■ EXERCISE PROMPT
Print all of the data exactly, but drop the pictures.

■ DATASET RECORDS
★ ★ ★ ★

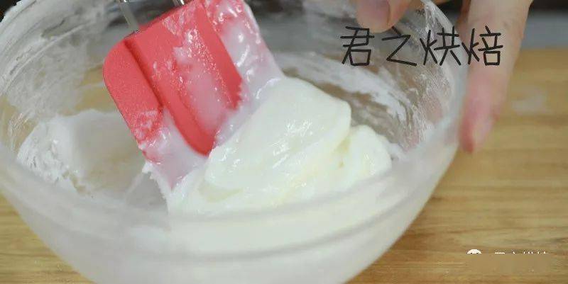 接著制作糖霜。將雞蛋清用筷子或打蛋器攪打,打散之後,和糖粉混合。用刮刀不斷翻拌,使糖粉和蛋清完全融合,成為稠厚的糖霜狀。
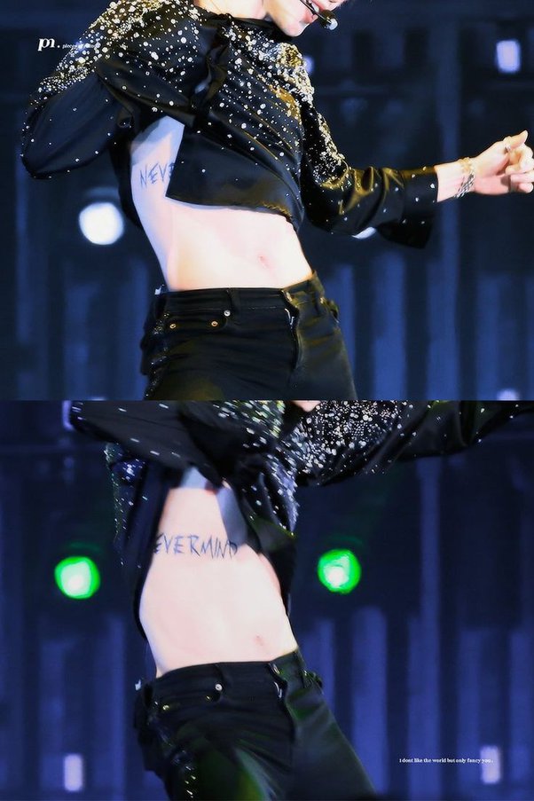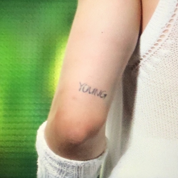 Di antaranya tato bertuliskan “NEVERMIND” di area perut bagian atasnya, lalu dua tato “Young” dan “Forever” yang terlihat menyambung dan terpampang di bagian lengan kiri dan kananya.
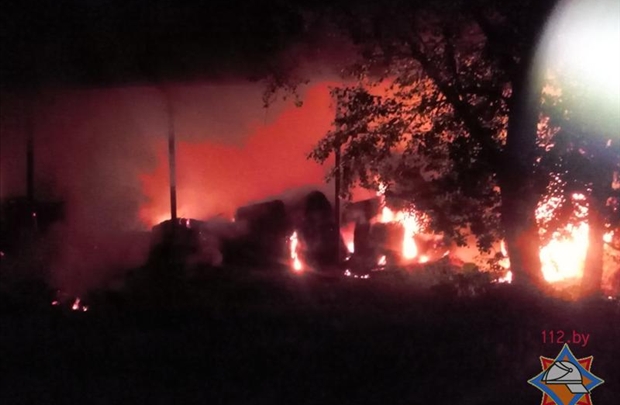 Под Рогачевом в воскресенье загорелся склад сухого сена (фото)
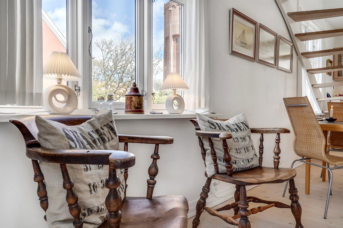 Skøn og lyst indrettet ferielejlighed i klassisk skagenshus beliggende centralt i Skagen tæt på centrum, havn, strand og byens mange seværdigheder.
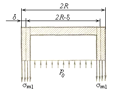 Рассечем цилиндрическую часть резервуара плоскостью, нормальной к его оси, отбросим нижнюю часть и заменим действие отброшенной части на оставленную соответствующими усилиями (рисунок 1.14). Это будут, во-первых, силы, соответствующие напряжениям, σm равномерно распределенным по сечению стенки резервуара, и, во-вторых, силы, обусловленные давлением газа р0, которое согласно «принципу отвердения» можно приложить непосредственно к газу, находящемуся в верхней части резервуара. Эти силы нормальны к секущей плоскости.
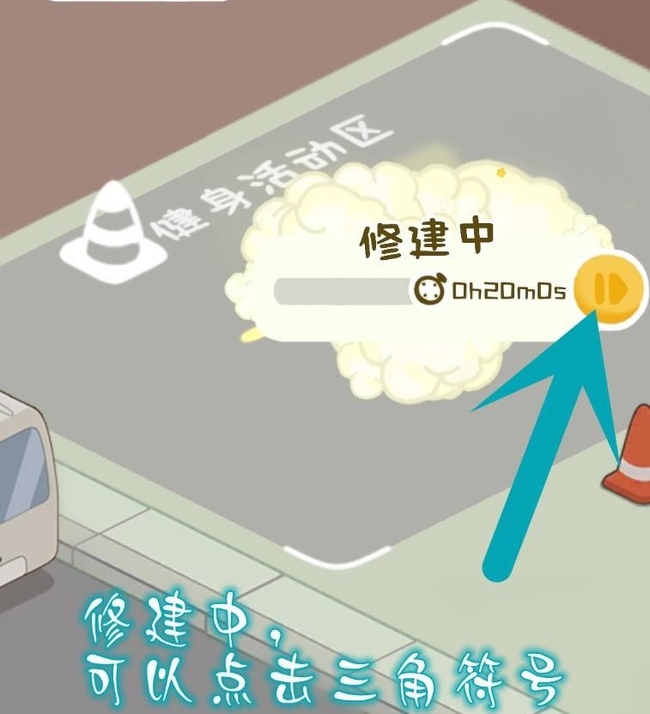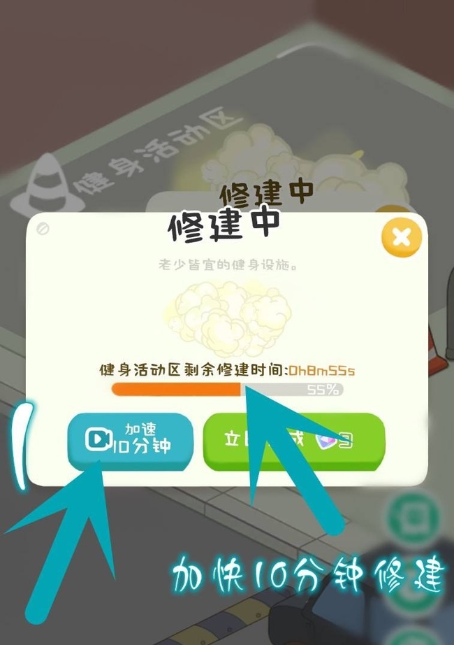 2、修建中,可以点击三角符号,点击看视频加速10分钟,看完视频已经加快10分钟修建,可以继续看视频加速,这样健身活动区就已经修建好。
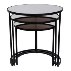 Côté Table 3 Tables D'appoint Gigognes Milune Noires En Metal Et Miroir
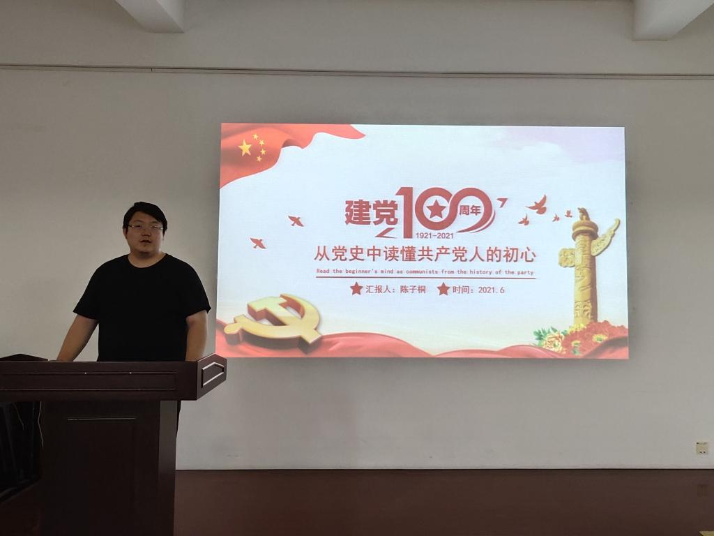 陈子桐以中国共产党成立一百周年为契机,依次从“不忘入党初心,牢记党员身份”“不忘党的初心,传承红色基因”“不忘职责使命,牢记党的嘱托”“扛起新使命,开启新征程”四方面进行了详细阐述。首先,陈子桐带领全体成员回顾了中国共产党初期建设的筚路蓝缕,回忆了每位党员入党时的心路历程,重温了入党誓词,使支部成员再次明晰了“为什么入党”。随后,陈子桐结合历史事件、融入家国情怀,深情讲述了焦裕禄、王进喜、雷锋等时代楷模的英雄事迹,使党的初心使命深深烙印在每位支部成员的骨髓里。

★ ★ ★ ★

■ RESPONSE
 接著制作糖霜。將雞蛋清用筷子或打蛋器攪打,打散之後,和糖粉混合。用刮刀不斷翻拌,使糖粉和蛋清完全融合,成為稠厚的糖霜狀。
 Di antaranya tato bertuliskan “NEVERMIND” di area perut bagian atasnya, lalu dua tato “Young” dan “Forever” yang terlihat menyambung dan terpampang di bagian lengan kiri dan kananya.
 Под Рогачевом в воскресенье загорелся склад сухого сена (фото)
 Skøn og lyst indrettet ferielejlighed i klassisk skagenshus beliggende centralt i Skagen tæt på centrum, havn, strand og byens mange seværdigheder.
 Рассечем цилиндрическую часть резервуара плоскостью, нормальной к его оси, отбросим нижнюю часть и заменим действие отброшенной части на оставленную соответствующими усилиями (рисунок 1.14). Это будут, во-первых, силы, соответствующие напряжениям, σm равномерно распределенным по сечению стенки резервуара, и, во-вторых, силы, обусловленные давлением газа р0, которое согласно «принципу отвердения» можно приложить непосредственно к газу, находящемуся в верхней части резервуара. Эти силы нормальны к секущей плоскости.
 2、修建中,可以点击三角符号,点击看视频加速10分钟,看完视频已经加快10分钟修建,可以继续看视频加速,这样健身活动区就已经修建好。
 Côté Table 3 Tables D'appoint Gigognes Milune Noires En Metal Et Miroir
 陈子桐以中国共产党成立一百周年为契机,依次从“不忘入党初心,牢记党员身份”“不忘党的初心,传承红色基因”“不忘职责使命,牢记党的嘱托”“扛起新使命,开启新征程”四方面进行了详细阐述。首先,陈子桐带领全体成员回顾了中国共产党初期建设的筚路蓝缕,回忆了每位党员入党时的心路历程,重温了入党誓词,使支部成员再次明晰了“为什么入党”。随后,陈子桐结合历史事件、融入家国情怀,深情讲述了焦裕禄、王进喜、雷锋等时代楷模的英雄事迹,使党的初心使命深深烙印在每位支部成员的骨髓里。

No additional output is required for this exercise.